На следующие выходные опять зарядил дождь. Только на этот раз был еще и туман. В пятницу у Мег на работе выдался напряженный день (она вообще заметила, что в магазине нормальных дней не бывает: либо ты целыми днями сидишь и скучаешь, не зная, чем бы заняться, либо у тебя полный "завал", которому нет конца и края — особенно если приходится упаковывать фарфор и стекло для пересылки крупного заказа). Она даже подумала, что к родителям можно съездить и на следующие выходные. Надо только их предупредить. Она позвонила, но к телефону никто не подошел. Конечно, можно отбить телеграмму… Но Мег подумала, что будет с папой, и решила этого не делать. Потому что он будет еще полгода напоминать ей про эту злосчастную телеграмму. Упирать на то, что сие есть яркий пример сумасбродства, свойственного глупой юности. Снова и снова твердить, что его едва не хватил удар. Что подобные выходки плохо сказываются на его старых измотанных нервах. И что все это — лишнее подтверждение тому, что ей вообще не стоило переезжать в Лондон. Нет. Телеграмма полностью исключалась. Только в случае крайней необходимости. Так что придется ехать. Несмотря на непогоду и на все остальное.
За эту пятницу Мег умоталась ужасно. Больше — от скуки. Ей надо было упаковать два огромных старинных канделябра, разобранных на части. Каждый фрагмент требовалось завернуть в газету и уложить в ящик. При этом еще надо было записывать все, что она упаковывает, на отдельном листе. Иногда, когда Мег становилось совсем уже невмоготу, она начинала читать обрывки статей из старых пожелтевших газет. В какой-то газете обнаружилась фотография с конкурса красоты Мисс мира. Все девушки были в пикантных купальниках и в туфлях на шпильках. Все ослепительно и торжествующе улыбались. Мег подумала, что эти красотки, наверное, только и делают, что отбрыкиваются от толп восторженных поклонников. Трудное дело, должно быть… Интересно, насколько трудное. Впрочем, умение приходит с практикой.

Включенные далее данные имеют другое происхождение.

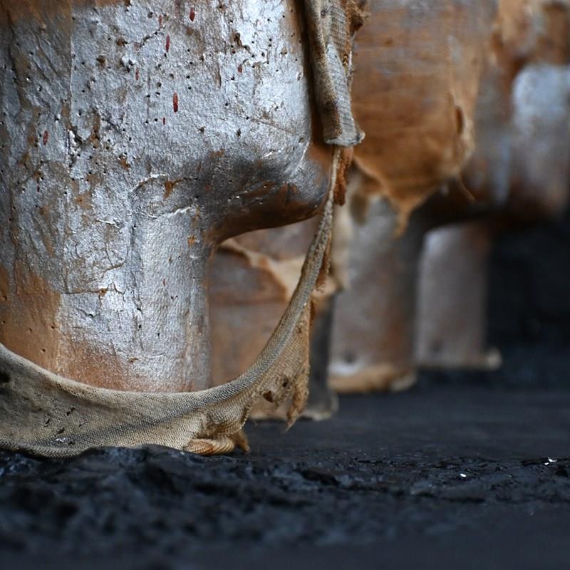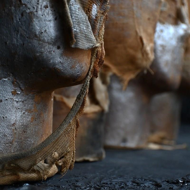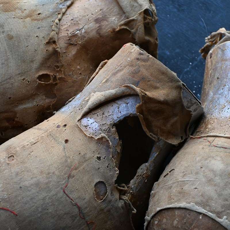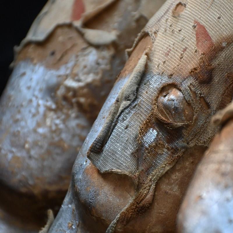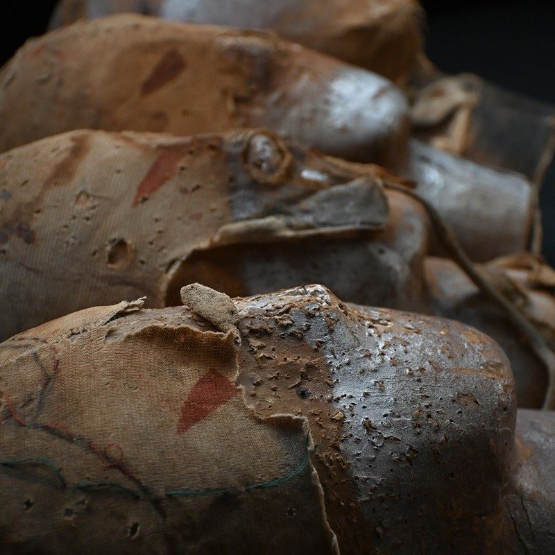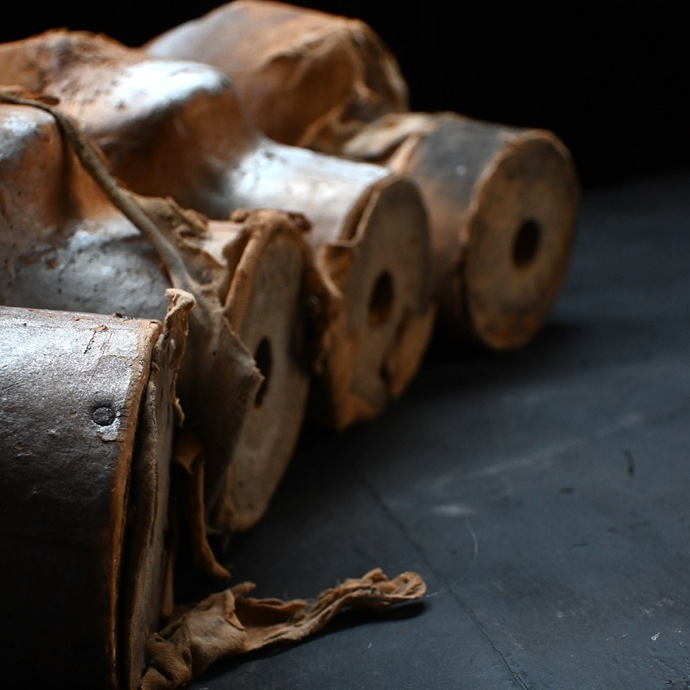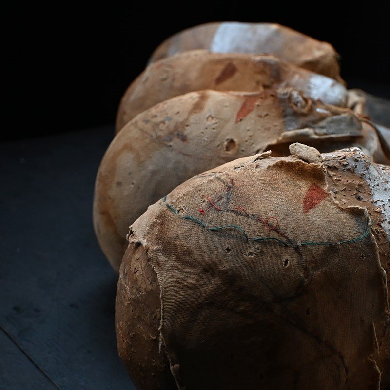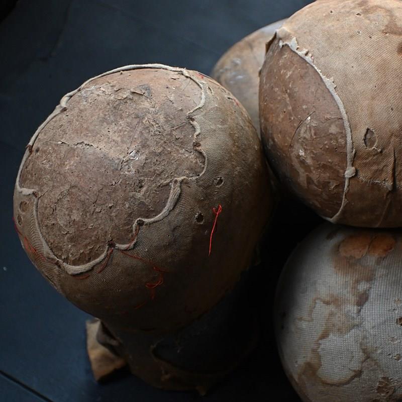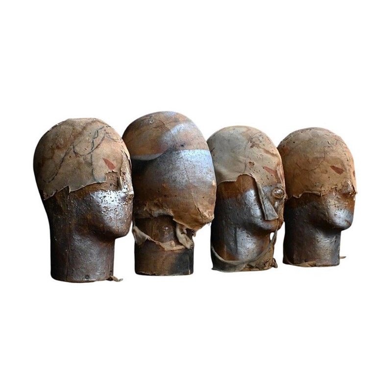 With natural wear and tear due to their age and obvious use. One of the heads has a dent to the side of the neck which reveals the inside. With worn material that still holds strong the forms. Pin markers that cover most of the surface and stains as shown. All for item are strong in form and now loose in structure. They are hollow and light weight due to the material used.

Мистер Уайтхорн — который относился к тому типу людей, которых иногда "пробивает" совершить какой-нибудь человеколюбивый поступок, но не по доброте душевной, а скорее по рассеянности, — отпустил Мег пораньше. В половине пятого. Он сказал, что раз она собирается ехать за город, то ей лучше выехать пораньше. Мег ушла почти сразу, только выпила на дорожку еще одну чашку растворимого кофе.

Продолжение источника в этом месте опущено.